Your task: Span requested from the data below: the line with "为进一步推动全面从严治党向纵" through the line with "Large Size - 8", both included. Give only these lines again, exactly, and leave every picture out.
═══ Data provided ═══
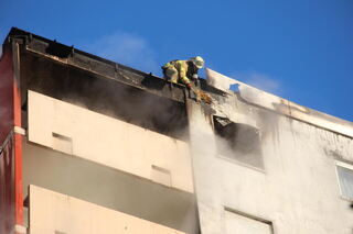 Ein Feuerwehrmann ist mit einer Axt auf dem Hochhausdach zugange.
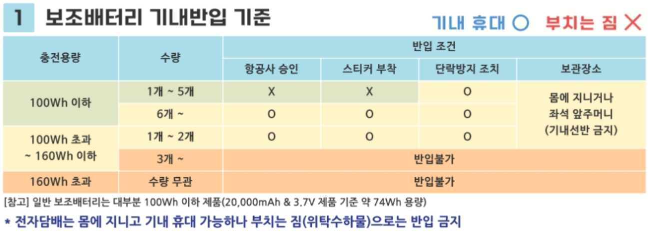✅보조베터리 반입 규정 강화
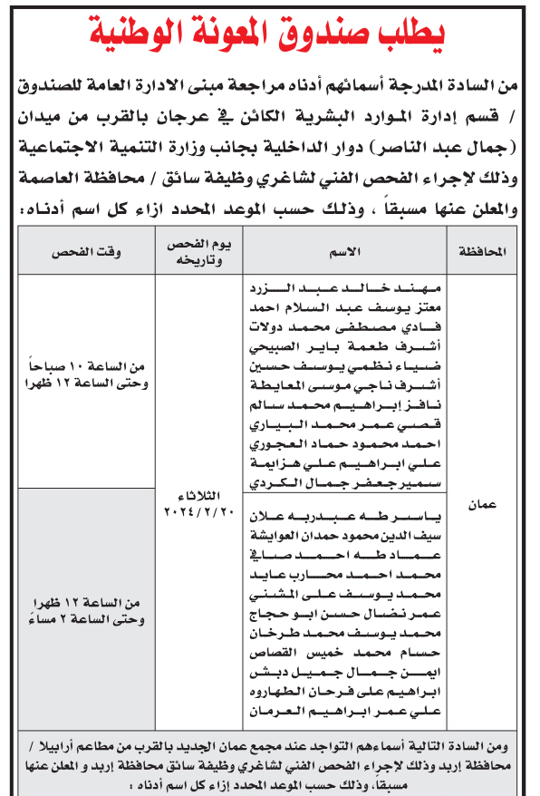 دعا صندوق المعونة الوطني الأشخاص المدرجة أسمائهم أدناه مراجعة مبنى الادارة العامة للصندوق / قسم إدارة الموارد البشرية الكائن في عرجان بالقرب من ميدان جمال عبد الناصر دوار الداخلية بجانب وزارة التنمية الاجتماعية وذلك لإجراء الفحص الفني لشاغري وظيفة سائق / محافظة العاصمة والمعلن عنها مسبقاً ، وذلك حسب الموعد المحدد إزاء كل اسم أدناه :
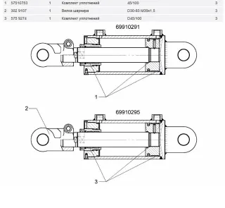 Гидроцилиндр рулевой 63.5/31.75x300 (Император 3100 Стара) правый ремонтный
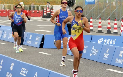 Filipino Kim Mangrobang (front) competes in the run leg of the duathlon mixed team relay event of the World Games in Chengdu, China on Sunday (Aug. 17, 2025). Mangrobang and Franklin Lee finished 11th. (Contributed photo)
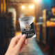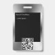 Crachá de identificação elegante e sofisticado em prata e preto para conferências ou exposições empresariais para pequenas empresas com código QR e foto. Personalize facilmente o design para tornar seus crachás totalmente exclusivos para o evento da sua empresa. Código QR de segurança adicional e texto personalizado no verso para termos e condições ou outros detalhes.
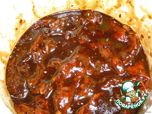 Взбейте растительное масло, соевый соус и измельченный чеснок, смешайте с мясом и маринуйте 1 час в холодильнике.
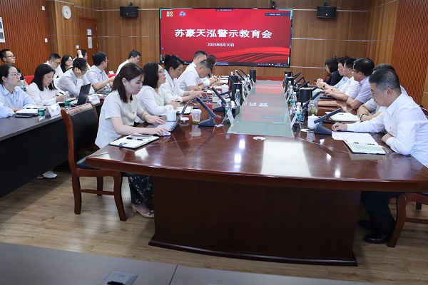 为进一步推动全面从严治党向纵深发展,强化党员干部纪律规矩意识,筑牢拒腐防变思想防线,6月10日下午,苏豪天泓组织开展警示教育会。会议通过剖析国有企业违纪违法典型案例,结合庭审旁听心得分享、集体廉洁谈话等环节,以“沉浸式”警示教育推动警示教育入脑入心。
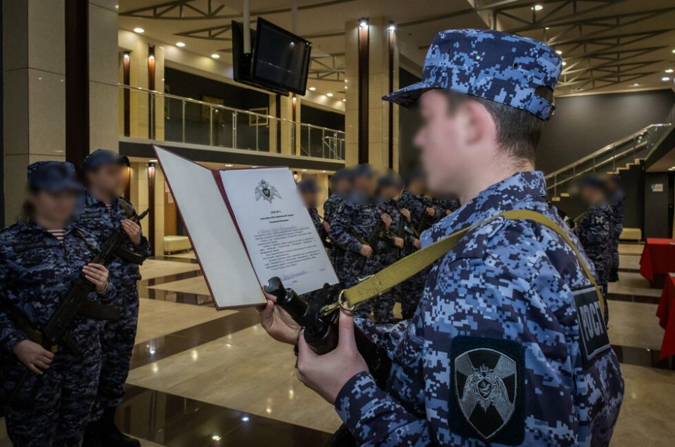 Теперь уже полноправные сотрудники Росгвардии поклялись соблюдать Конституцию и законы Российской Федерации, уважать и защищать права и свободы человека, достойно исполнять свой служебный долг и не щадить своих сил в борьбе с преступностью.
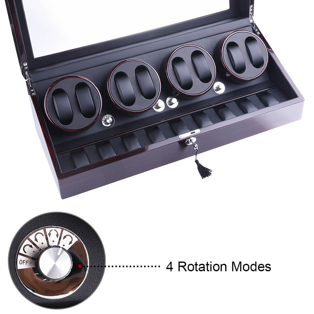 Large Size - 8 Watch Winder Large Storage Quiet Mabuchi Motors with Lock - Ebony
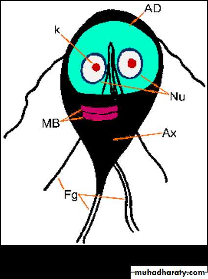 Flagellated (4 pairs of flagella)
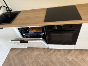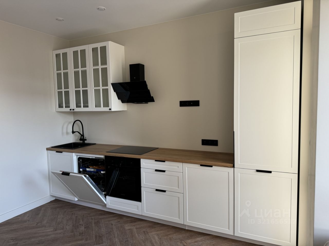 В кухонной зоне установлен качественный кухонный гарнитур со встроенной техникой, в том числе посудомоечная машина.
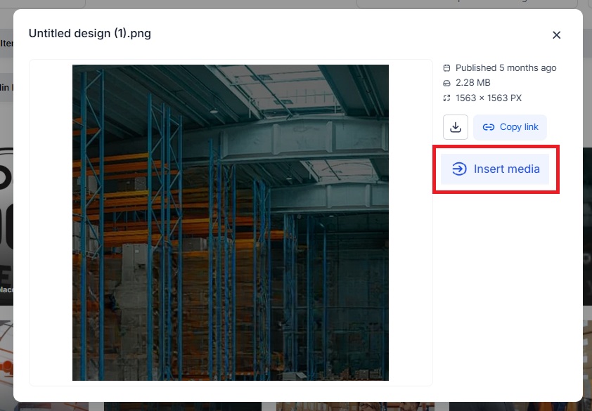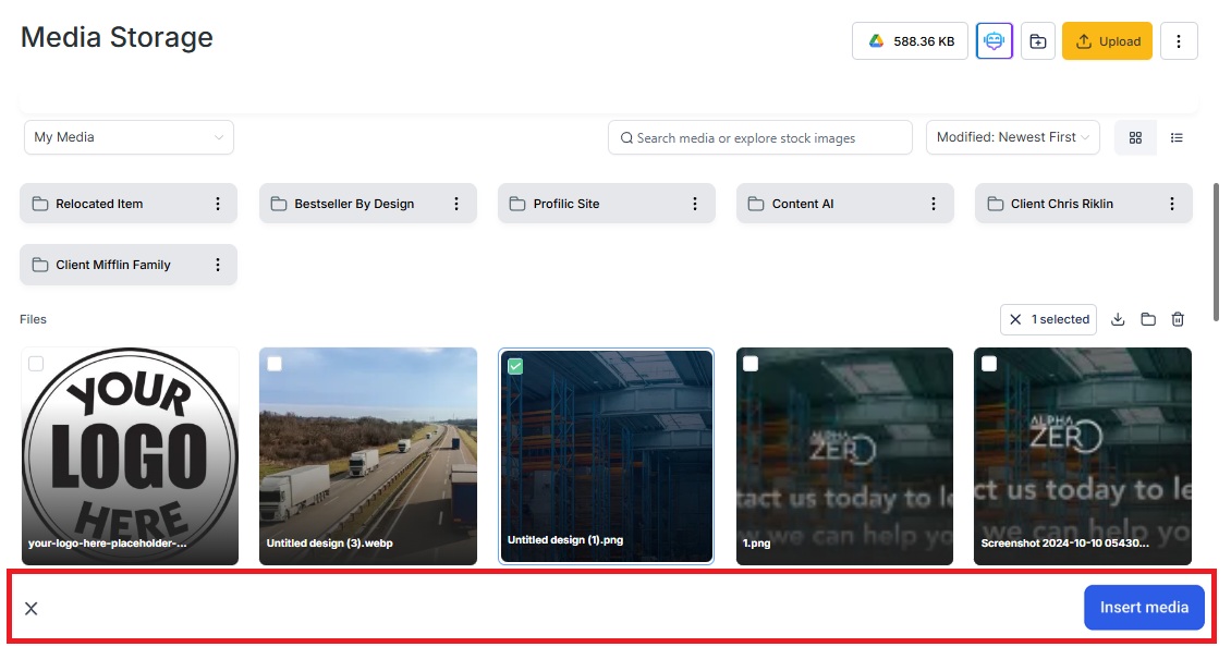 When a single file is selected, an "Insert Media" CTA now appears for faster action.
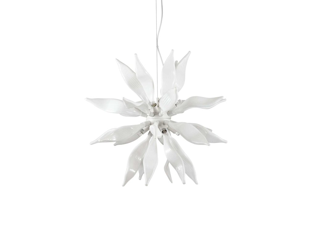 Závesný luster Leaves značky Ideal Lux v luxusnom prevedení s priemerom 63 cm ponúkne ideálne osvetlenie obývacej izby, kuchyne či jedálne. Rám svetla je zhotovená z kvalitného kovu s bielou povrchovou úpravou. Dominantou svietidla je úchvatné tienidlo zložené z ručne tvarovaných bielych elementov v tvare listov z bieleho fúkaného skla. Výšku zavesenia lustra je možné flexibilne nastaviť podľa potreby pri inštalácii svietidla od 69,5 cm do 278,5 cm. Svietidlo je osadené päticami G9 pre žiarovky s maximálnym príkonom 8 x 40 W. Súčasťou balenia sú LED G9 žiarovky s príkonom 8 x 3 W so svietivosťou 8 x 370 lm a teplotou chromatickosti 3000 K. Krytie IP20 je vhodné na použitie do interiéru. Celkové rozmery svietidla sú 278,5 x 63 x 63 cm. Je určené na napájanie zo siete na 220-240 V.Dodatočné parametre
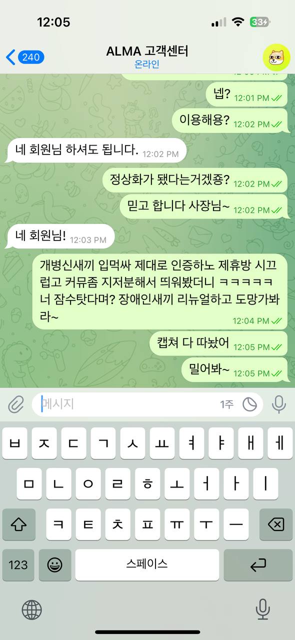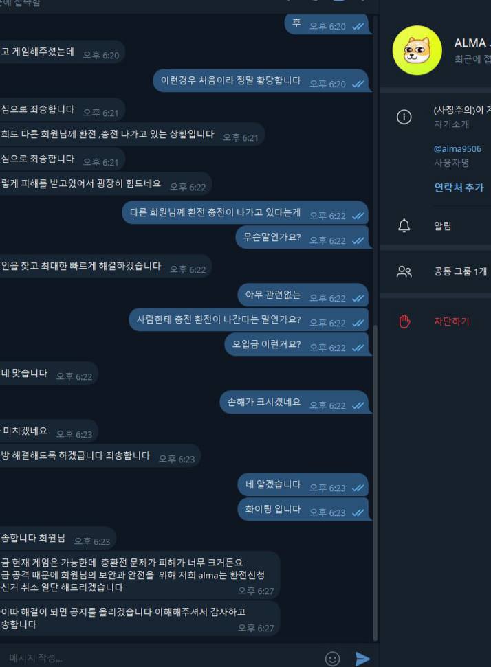 주말에 룸살롱 가서 신나게 놀 생각에 50만 원을 충전해 191만 원을 만들었습니다. 환전 신청했더니 처음에는 가상 계좌 오류라며 환전을 미루더군요. 2시간이 지나도 아무런 진행이 없어 다시 문의하니, 이번에는 "디도스 공격으로 충환전 시스템이 오류"라는 말을 하며 회피합니다.
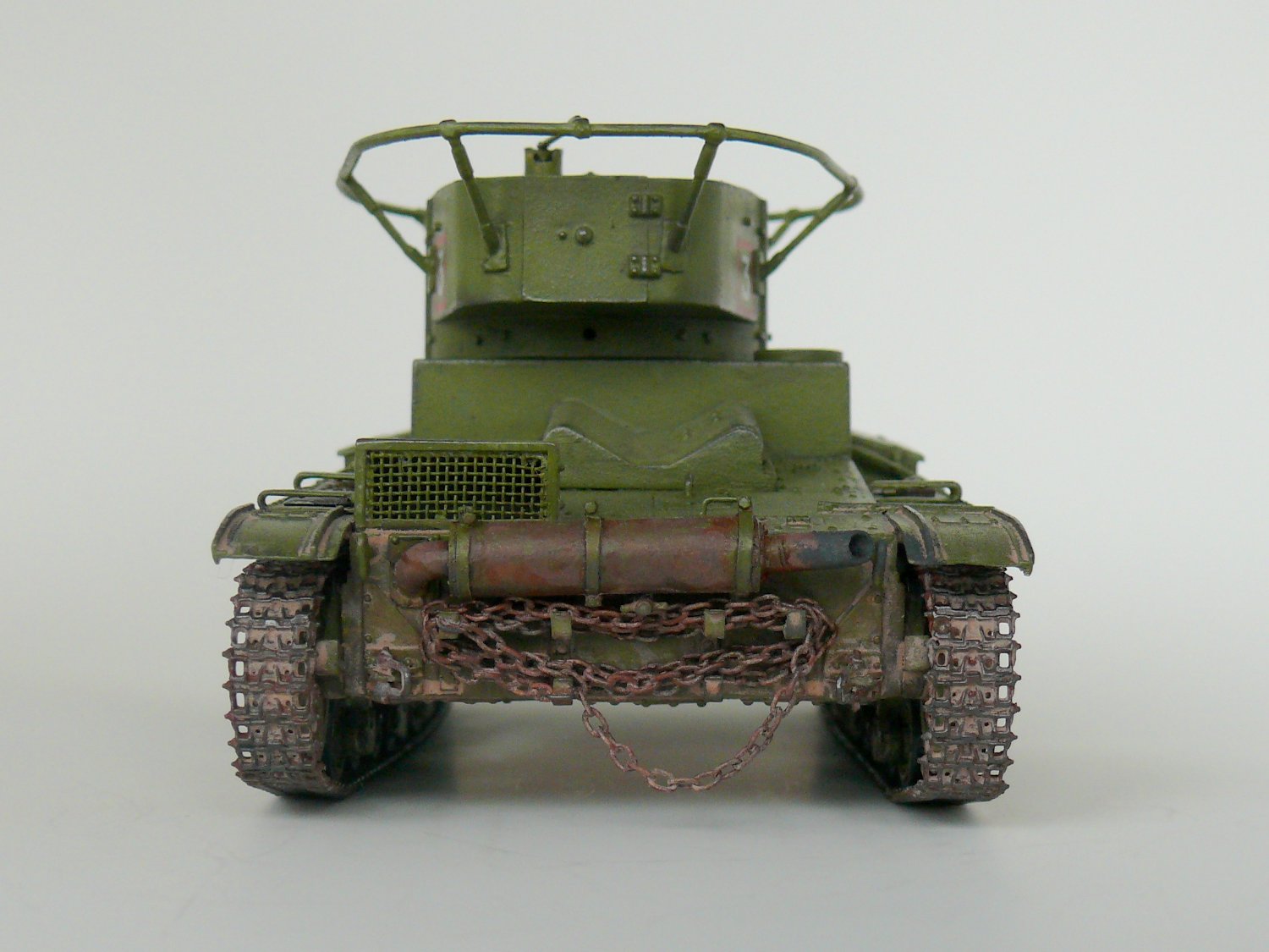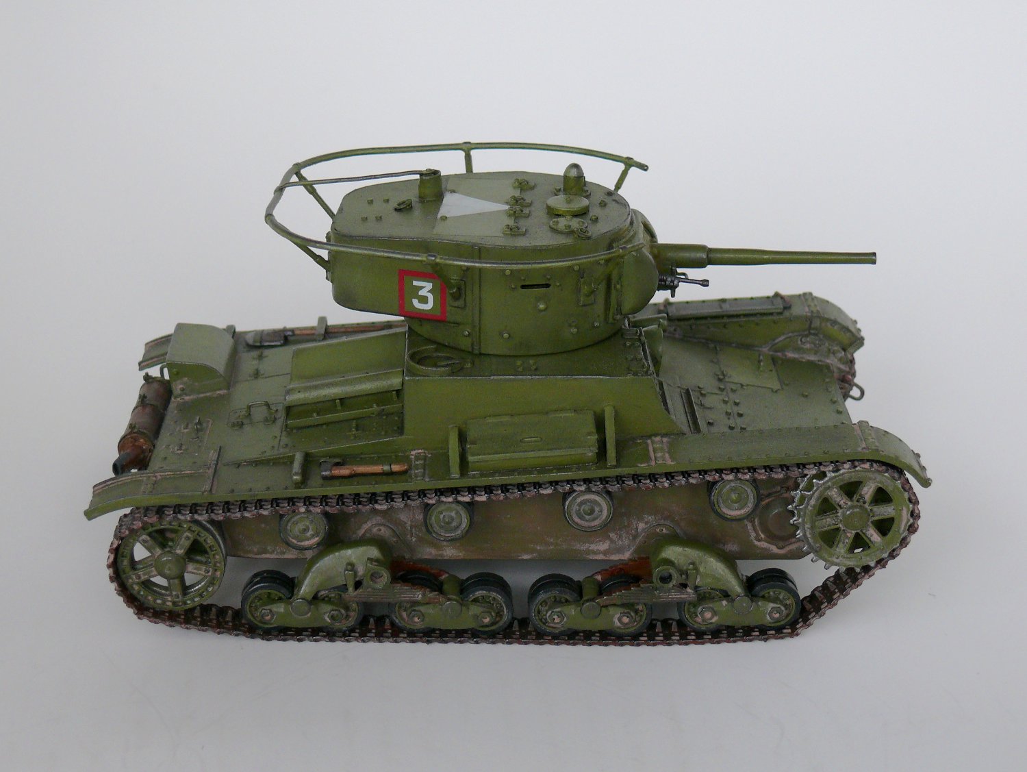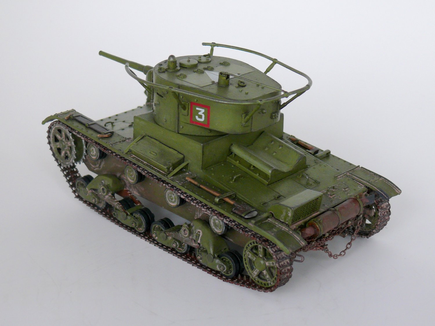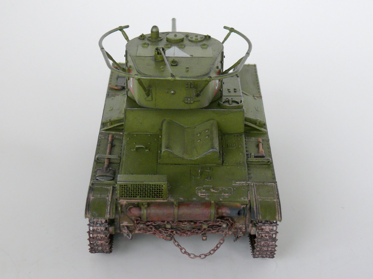 Заклёпки не стоило менять, Вы их переразмерили. А вот ручки на люки надо проволочные. На петлях всех были тоже маленькие заклёпки, их очень легко воспроизвести капельками акрилового клея зубочисткой. Пилу оторвите и выбросте, такой укладки по фото не известно. Пила лежала в деревянном пенале, посмотрите последний № М-Хобби. И лопата, и фара, и топор крепились гайками-барашками - сам только что сделал этот Т-26, вот и расписываю. К фаре надо добавить проводку.
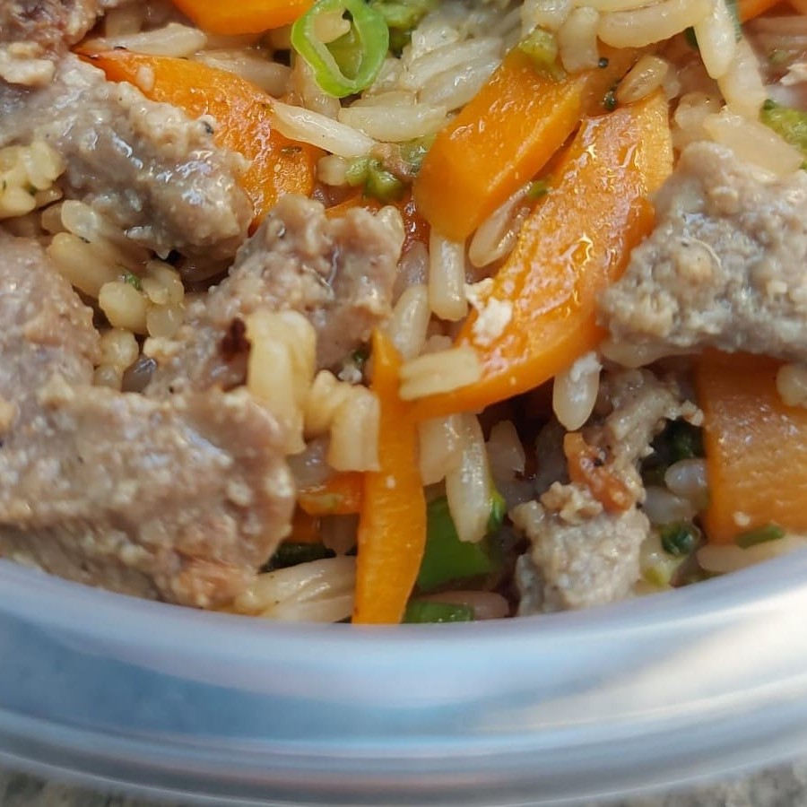 Arroz, brócolis,cenoura, cebolinha e tiras de carne. (400gr)
═══
Written answer:
 为进一步推动全面从严治党向纵深发展,强化党员干部纪律规矩意识,筑牢拒腐防变思想防线,6月10日下午,苏豪天泓组织开展警示教育会。会议通过剖析国有企业违纪违法典型案例,结合庭审旁听心得分享、集体廉洁谈话等环节,以“沉浸式”警示教育推动警示教育入脑入心。
 Теперь уже полноправные сотрудники Росгвардии поклялись соблюдать Конституцию и законы Российской Федерации, уважать и защищать права и свободы человека, достойно исполнять свой служебный долг и не щадить своих сил в борьбе с преступностью.
 Large Size - 8 Watch Winder Large Storage Quiet Mabuchi Motors with Lock - Ebony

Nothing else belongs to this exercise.